**Your task:** Only one stretch of the data is wanted: the line containing "10月1日-10月9日,月满", the line containing "许负本身定位辅助,强度一般,且没有太过于", and every line between them, copied exactly.

━━━━━ Available records

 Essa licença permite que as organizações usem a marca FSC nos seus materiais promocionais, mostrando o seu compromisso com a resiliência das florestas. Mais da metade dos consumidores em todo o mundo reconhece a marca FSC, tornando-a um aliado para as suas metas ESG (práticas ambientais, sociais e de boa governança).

━━━━━━━━━━
━━━━━ Available records

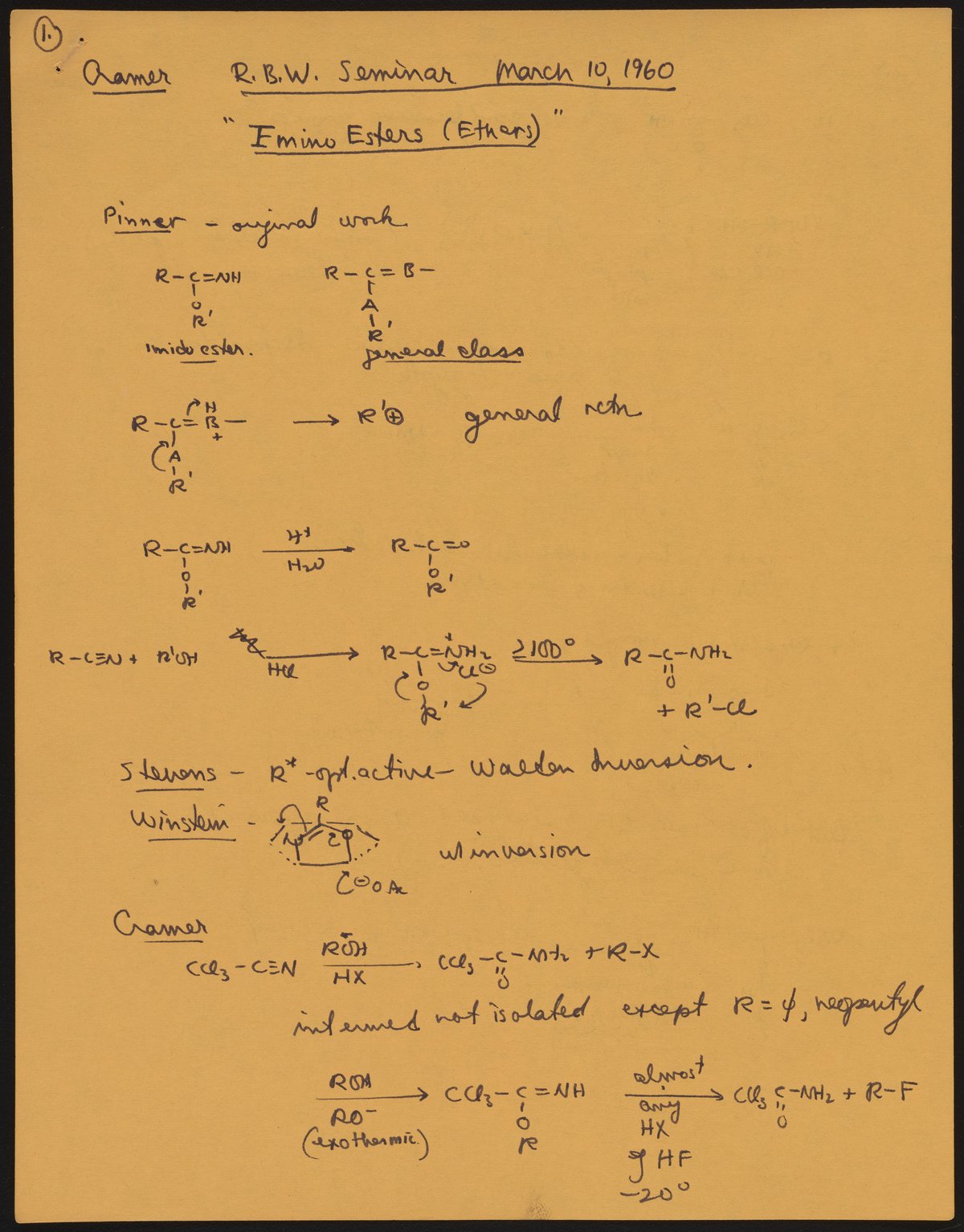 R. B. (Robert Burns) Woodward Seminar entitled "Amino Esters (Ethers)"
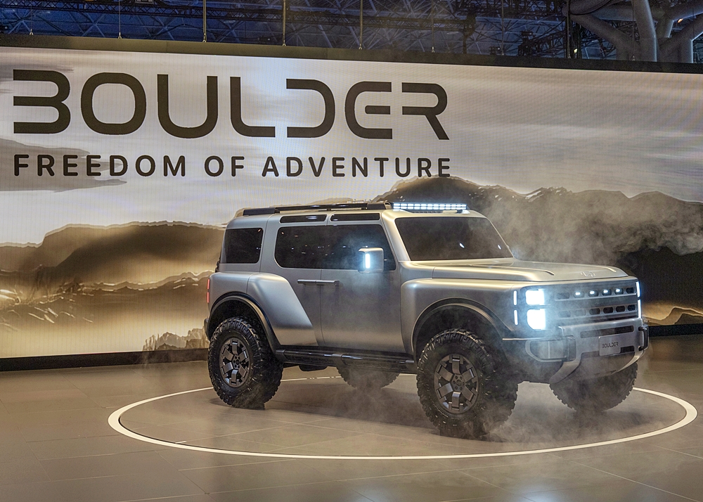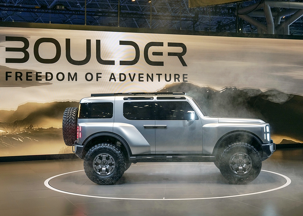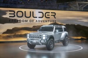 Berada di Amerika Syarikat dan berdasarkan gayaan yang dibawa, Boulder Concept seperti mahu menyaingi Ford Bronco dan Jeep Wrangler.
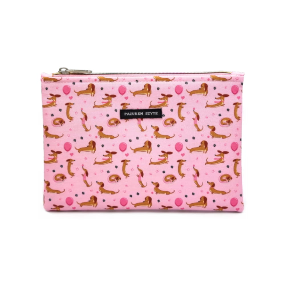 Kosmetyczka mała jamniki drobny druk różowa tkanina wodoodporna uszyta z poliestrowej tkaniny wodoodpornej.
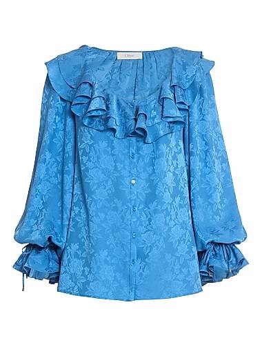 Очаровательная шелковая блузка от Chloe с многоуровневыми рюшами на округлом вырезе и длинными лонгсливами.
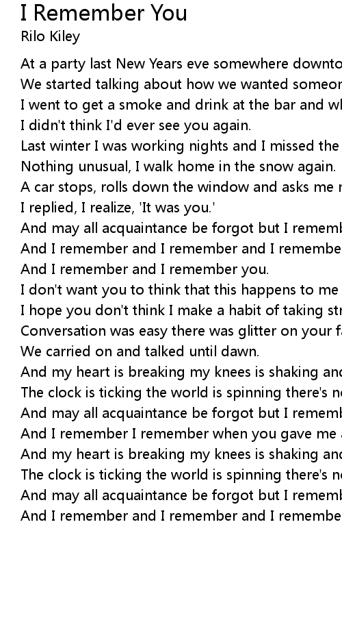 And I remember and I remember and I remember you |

━━━━━━━━━━
━━━━━ Available records

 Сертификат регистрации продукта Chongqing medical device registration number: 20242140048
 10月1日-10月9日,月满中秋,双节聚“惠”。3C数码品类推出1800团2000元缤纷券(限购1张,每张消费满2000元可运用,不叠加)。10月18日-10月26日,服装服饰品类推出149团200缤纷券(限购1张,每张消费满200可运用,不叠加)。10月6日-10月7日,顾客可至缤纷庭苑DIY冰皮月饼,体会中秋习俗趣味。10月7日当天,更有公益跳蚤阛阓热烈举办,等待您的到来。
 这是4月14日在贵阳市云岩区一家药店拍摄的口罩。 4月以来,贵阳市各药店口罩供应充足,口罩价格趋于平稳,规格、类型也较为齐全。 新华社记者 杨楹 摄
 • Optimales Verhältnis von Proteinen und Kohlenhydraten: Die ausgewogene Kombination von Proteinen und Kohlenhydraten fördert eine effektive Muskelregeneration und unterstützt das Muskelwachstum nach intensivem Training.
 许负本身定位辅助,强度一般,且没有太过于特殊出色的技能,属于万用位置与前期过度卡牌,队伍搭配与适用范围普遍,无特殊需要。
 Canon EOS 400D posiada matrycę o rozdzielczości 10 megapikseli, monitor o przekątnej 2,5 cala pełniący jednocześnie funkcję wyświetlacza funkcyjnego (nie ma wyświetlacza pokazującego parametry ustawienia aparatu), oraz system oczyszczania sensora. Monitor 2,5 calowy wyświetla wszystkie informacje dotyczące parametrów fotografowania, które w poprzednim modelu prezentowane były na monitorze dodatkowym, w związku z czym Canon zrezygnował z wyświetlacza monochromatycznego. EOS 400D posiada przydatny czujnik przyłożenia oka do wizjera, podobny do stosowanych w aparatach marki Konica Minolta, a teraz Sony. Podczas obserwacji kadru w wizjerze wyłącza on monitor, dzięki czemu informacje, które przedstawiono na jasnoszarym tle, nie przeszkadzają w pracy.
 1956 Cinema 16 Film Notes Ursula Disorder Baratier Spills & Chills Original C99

━━━━━━━━━━

**Response below:**
 10月1日-10月9日,月满中秋,双节聚“惠”。3C数码品类推出1800团2000元缤纷券(限购1张,每张消费满2000元可运用,不叠加)。10月18日-10月26日,服装服饰品类推出149团200缤纷券(限购1张,每张消费满200可运用,不叠加)。10月6日-10月7日,顾客可至缤纷庭苑DIY冰皮月饼,体会中秋习俗趣味。10月7日当天,更有公益跳蚤阛阓热烈举办,等待您的到来。
 这是4月14日在贵阳市云岩区一家药店拍摄的口罩。 4月以来,贵阳市各药店口罩供应充足,口罩价格趋于平稳,规格、类型也较为齐全。 新华社记者 杨楹 摄
 • Optimales Verhältnis von Proteinen und Kohlenhydraten: Die ausgewogene Kombination von Proteinen und Kohlenhydraten fördert eine effektive Muskelregeneration und unterstützt das Muskelwachstum nach intensivem Training.
 许负本身定位辅助,强度一般,且没有太过于特殊出色的技能,属于万用位置与前期过度卡牌,队伍搭配与适用范围普遍,无特殊需要。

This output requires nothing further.